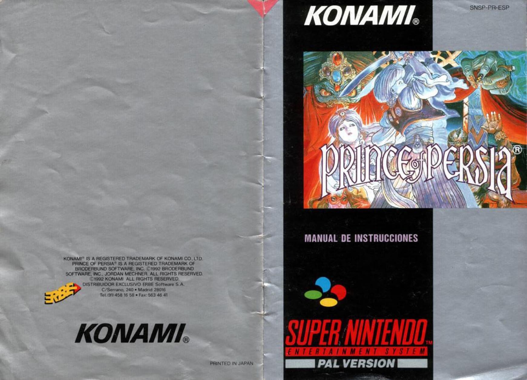 Este manual de PRINCE OF PERSIA ESP es una digitalización fiel del original físico. El documento conserva el diseño, tipografía y estructura del manual de instrucciones publicado en su momento por el fabricante para la SUPER NINTENDO.
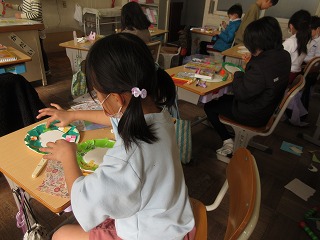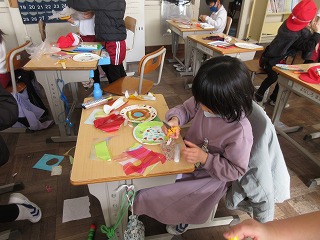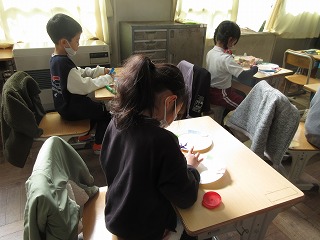 図画工作科で風で動くおもちゃを作っています。紙皿に模様を付けたり、色をぬったりして作っています。
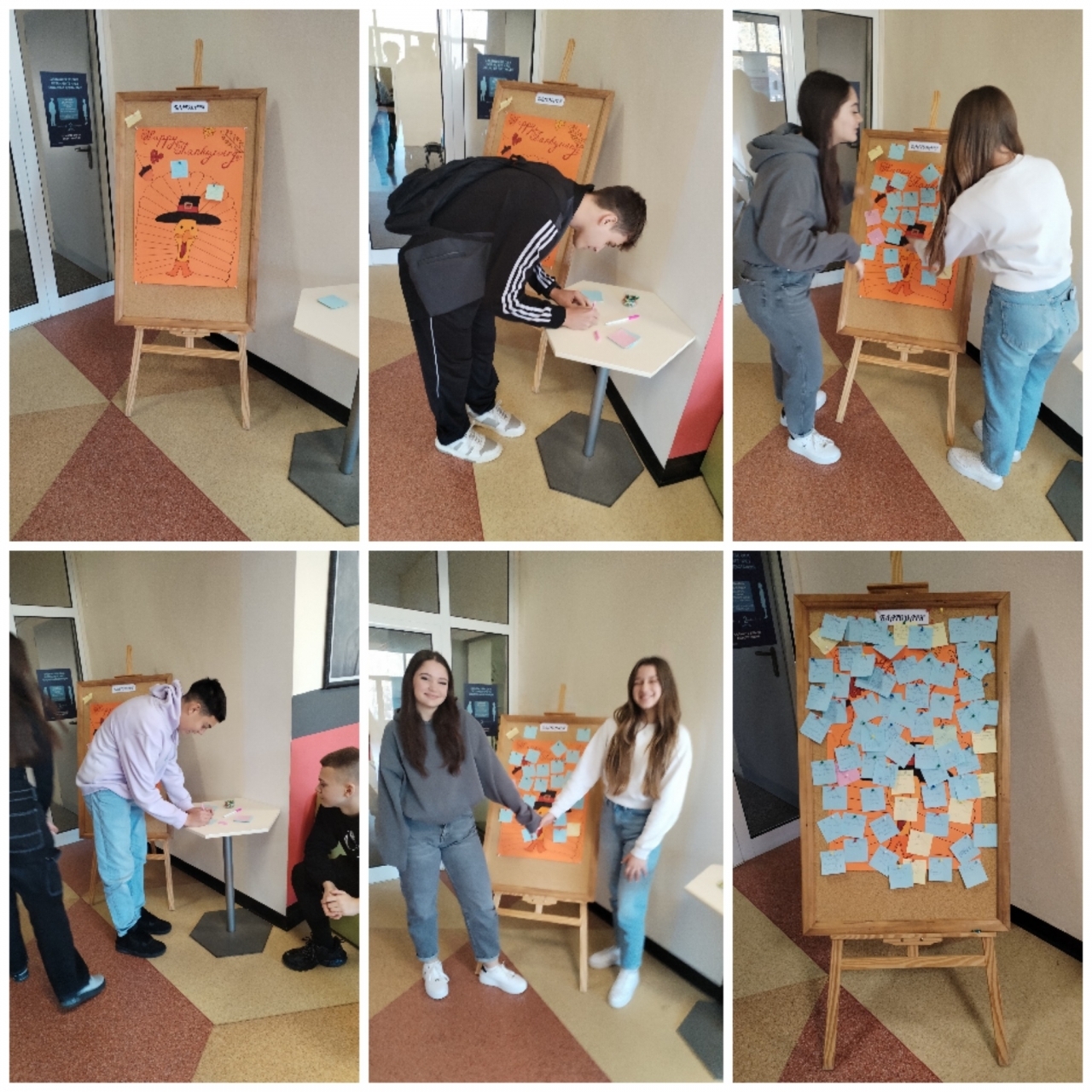 На видно място в гимназията учениците от 10.Б клас поставиха цветен постер с надпис "БЛАГОДАРЯ!". До него бяха оставени бележки, върху които всеки можеше да напише за какво е благодарен – от приятели и семейство до малки радости като красив сутрин или вкусен обяд.
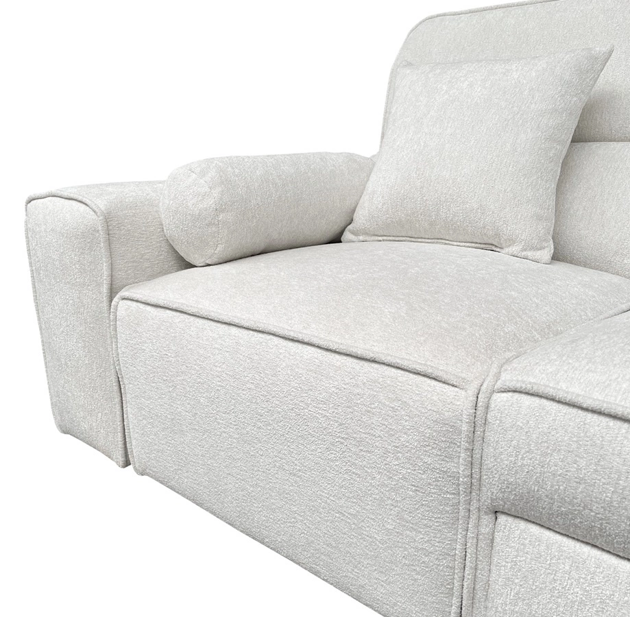 Narożnik z funkcją spania Viano XI kremowy prawostronny modny i stylowy narożnik z regulowanymi zagłówkami ozdobne poduszki
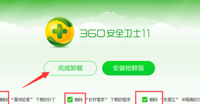 13、将三个方框打上勾,以免残留垃圾软件。然后点击“完成卸载”:卸载后可进行重启操作,以便彻底删除有些文件。
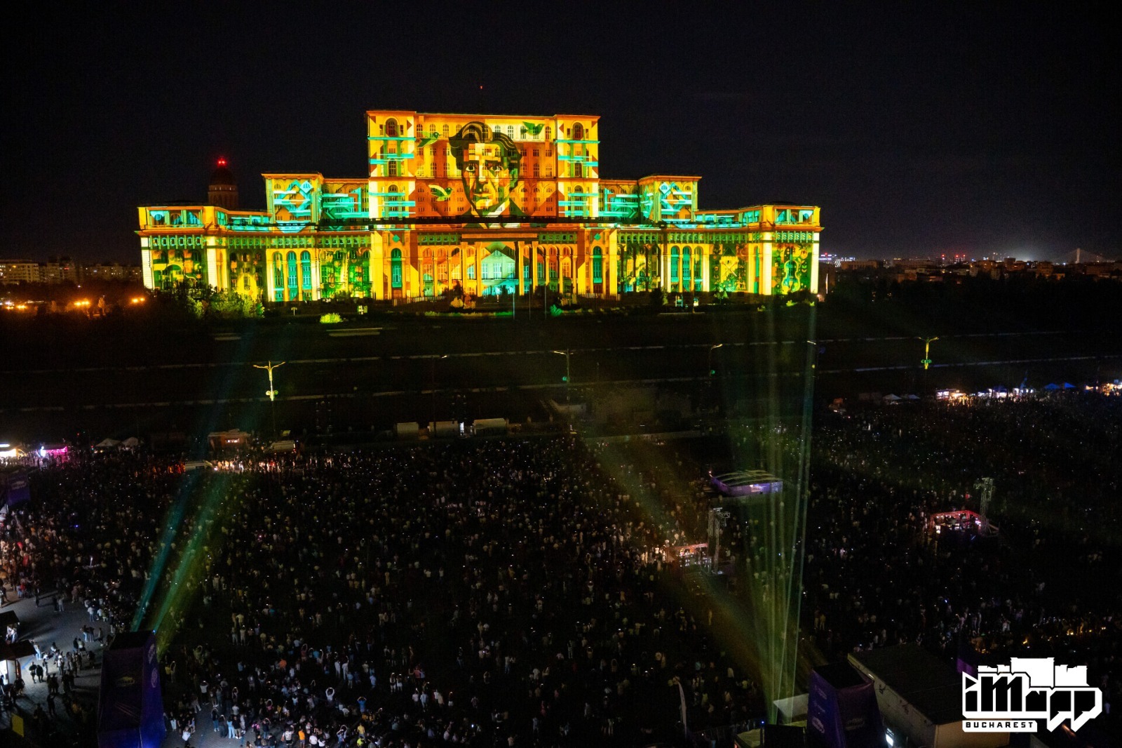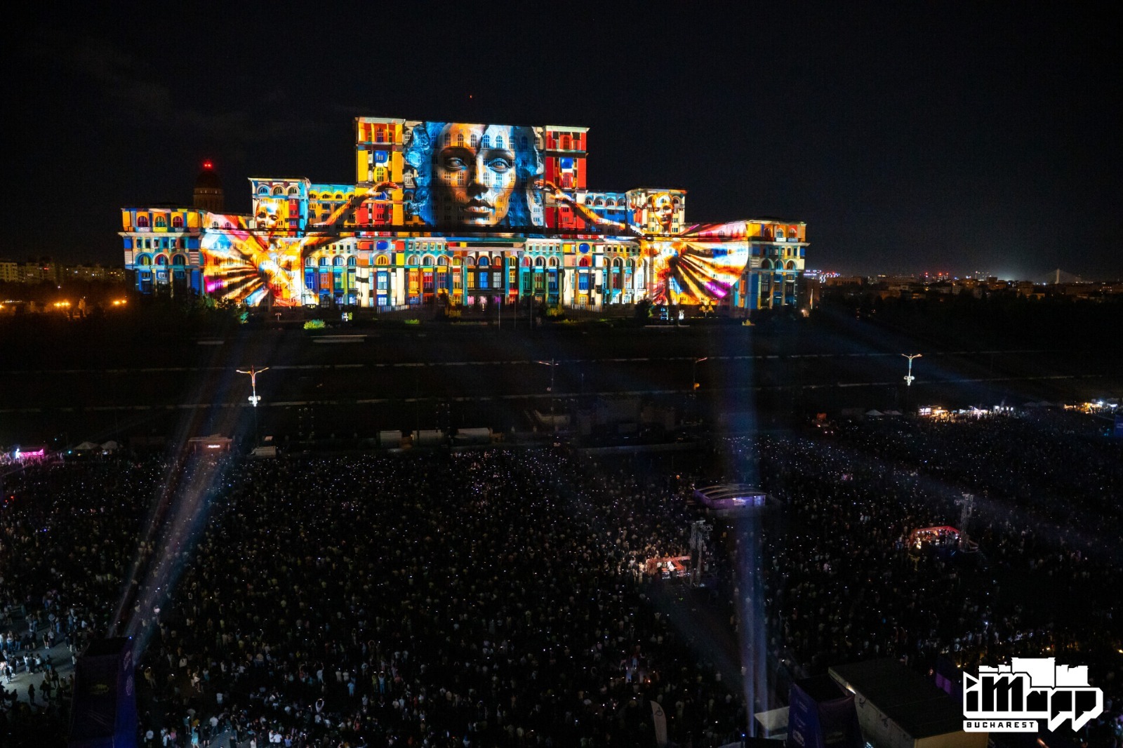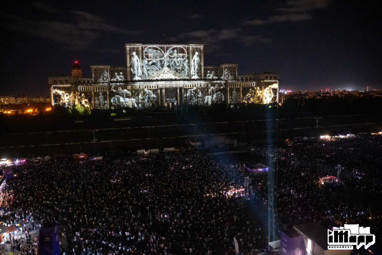 Saturday night was dedicated to the international iMapp Bucharest – Winners League competition, which showcased the artworks of the winners of some of the world’s most prestigious light festivals on the 23,000-square-meter façade of the Palace of the Parliament – the largest projection surface in the world: Chongqing International Light Art Festival from CHINA / winner DEPICTING TERRITORY from CHINA, Genius Loci Weimar Festival from GERMANy / winner mammasONica from ITALY, Jakarta Light Festival from INDONESIA / winner THE VISUAL 084 from VIETNAM, Luma Projection Arts Festival form USA / winner GLITCH from BELGIUM, 1minute Projection Mapping Competition from JAPAN / winner VALI CHINCIȘAN from ROMANIA, Video Mapping Festival from FRANCE / winner HANS BOLZ from GERMANY, Zsolnay Light Festival from HUNGARY / winner ELEKTRICK.ME from BULGARIA.

ABOUT THIS TASK –
Copy out nothing but the lines from the beginning of the records through the one that contains "図画工作科で風で動くおもちゃ". Skip the pictures.

WRITTEN RESPONSE –
 Este manual de PRINCE OF PERSIA ESP es una digitalización fiel del original físico. El documento conserva el diseño, tipografía y estructura del manual de instrucciones publicado en su momento por el fabricante para la SUPER NINTENDO.
 図画工作科で風で動くおもちゃを作っています。紙皿に模様を付けたり、色をぬったりして作っています。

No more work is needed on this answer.